East of England Ambulance Service NHS Trust v Flowers and others
On 22 June 2021, the Supreme Court will consider whether voluntary overtime should be taken into account when calculating holiday pay.
Chief Constable of the Police Service of Northern Ireland and another v Agnew and others
On 23 June 2021, the Supreme Court will consider the issue of whether or not a “series” of unlawful deductions from holiday pay would be interrupted by gaps of more than three months.
Harpur Trust v Brazel
On 9 November 2021, the Supreme Court will consider whether the holiday pay of part-year workers on permanent contracts should be reduced to reflect the fact that they do not work throughout the year.
As expected, 2020 saw many developments in preparation for the UK’s departure from the EU as well as changes to take account of the coronavirus pandemic.
For more information about right to work checks, the EU Settlement Scheme and the new Immigration System see our article here.
For more information please contact a member of our Immigration team.
The cap of £95,000 on public sector exit payments finally came into force on 4 November 2020 when the Restriction of Public Sector Exit Payments Regulations 2020 were introduced.
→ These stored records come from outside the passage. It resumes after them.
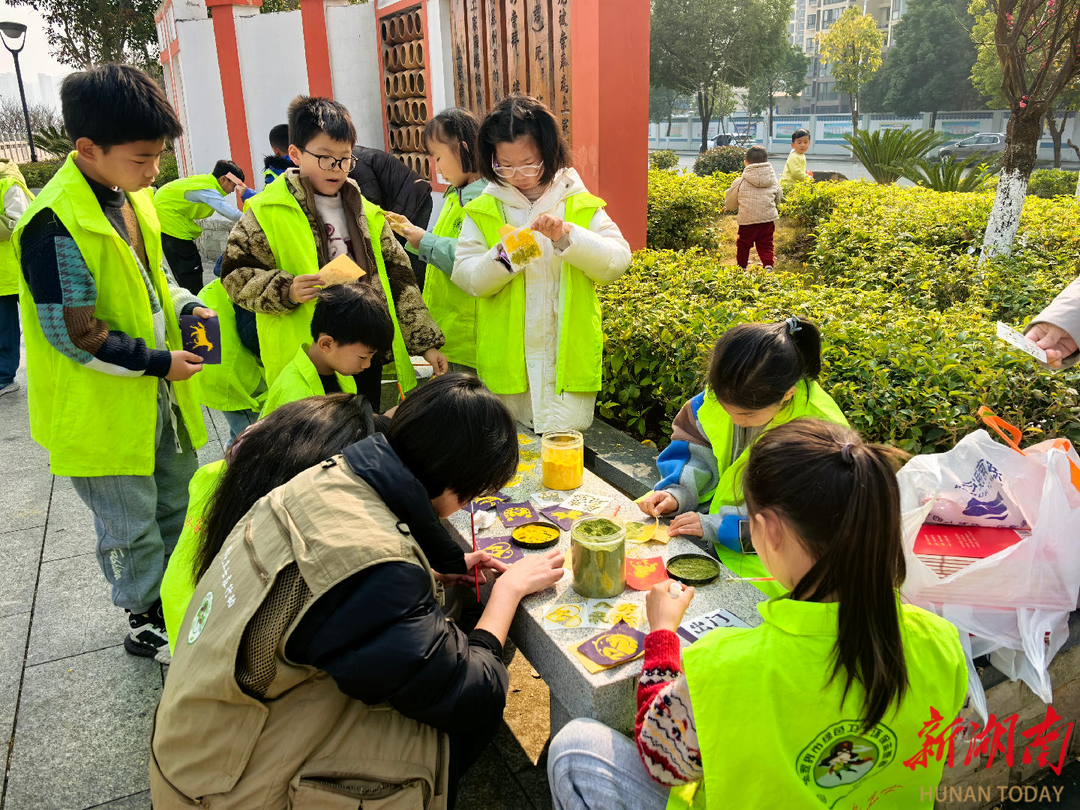 1月18日,在张家界市生态环境局的指导下,张家界市爱盟公益协会、绿色卫士张家界大队联合永定区官黎坪街道鲤鱼池社区开展科普志愿活动,创新利用张家界本土草木非遗技艺,将日常厨余中的干橘皮研磨成天然颜料,创作出一张张写有“诸事顺遂”“马到成功”等吉祥话的环保祝福卡片,让非遗技艺在低碳实践中焕发新生。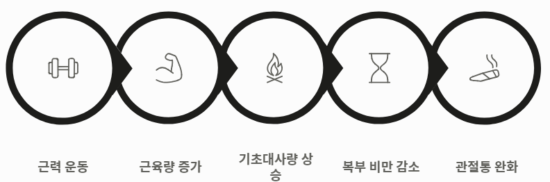 기초대사량이 떨어지면 갱년기 증상 30가지 중 하나인 복부 비만이 심해집니다. 운동을 통해 근력을 키우면 갱년기 증상 30가지에서 비롯되는 관절통도 줄일 수 있습니다.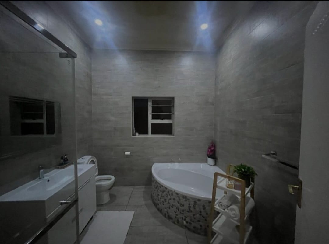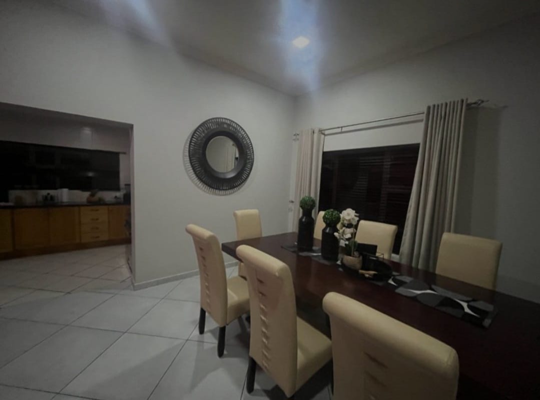This house has a double garage, plenty space for visitors to park and is fully paved for neatness. The well manicured garden allows room for a perfect play area for children. This property is fully walled and secure with an electric gate and intercom at the entrance. It is well situated and close to shopping centers, schools and highways for your convenience.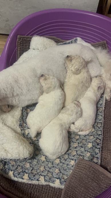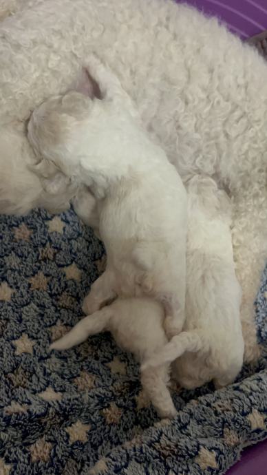 Na prodaju štenci kovrčavog bišona. Za 3 tjedna spremni su za novi dom! Bit će čipirani, cijepljeni i imati putovnicu. Dostupne su dvije ženke i dva mužjaka. Na zadnjim slikama su im tata, mama i sestra iz prvog legla. Sve informacije na broj: 0997773498

The cap is part of a wider set of reforms intended to restrict public sector pay and pensions. The Regulations are proving tricky for employers to apply. In particular, the pensions implications appear not to have been considered until the last moment (resultant legislation is still in the consultation stages). Our article considers some of the specific difficulties in applying the cap as well as some recommended steps for employers.
For more information please contact a member of our Pensions team.
The ongoing coronavirus pandemic will continue to bring many challenges for employers and HR professionals in 2021. With another lockdown in place, many employers will once again have to manage employees working remotely on a large scale. Employers should continue to be mindful of their employees’ mental wellbeing (whether they are working from home or back in the workplace) as well as the possibility of individuals continuing to suffer the effects of “long-Covid”.
If working from home is not feasible, employers need to ensure that they keep up to date with all guidance about making workplaces COVID-19 secure.
One issue that is likely to be increasingly relevant in the months ahead as access to vaccinations increases and workplaces re-open is what, if anything, employers can do to require their employees to be vaccinated and what to do if they refuse?
It is likely that we will see a continued increase in Employment Tribunal claims in 2021. Many of these will be coronavirus or furlough-related and will include claims in areas such as whistleblowing, health and safety, redundancy and protective awards. The most recent Employment Tribunal quarterly statistics were published on 10 December 2020 and cover the period July to September 2020. Single Employment Tribunal claims are at their highest level since 2013/14 and this is almost certainly due to the impact of the coronavirus pandemic on the economy and the significant increase in unemployment.
It seems like another age now but in December 2019, a new Employment Bill was announced and legislation was expected in 2020 on significant topics such as:
- Extending the period of redundancy protection for expectant and new mothers returning to work after maternity leave until six months after the end of maternity leave (and possibly changes to other types of family leave).
- Introducing the right to additional paid neo-natal leave for parents whose children spend two or more weeks in neo-natal care.
- Providing one week of leave for unpaid carers.
- Introducing the right to request a more predictable work contract.
- Establishing a single enforcement body for employment rights.
- Introducing a potential requirement to offer flexible working as a default option.
- Strengthening the rules on tips and service charges so that distribution of these is more transparent.
It remains to be seen whether any of these proposals will be progressed in 2021 when the Government’s priority will continue to be dealing with the unprecedented challenges of the coronavirus pandemic.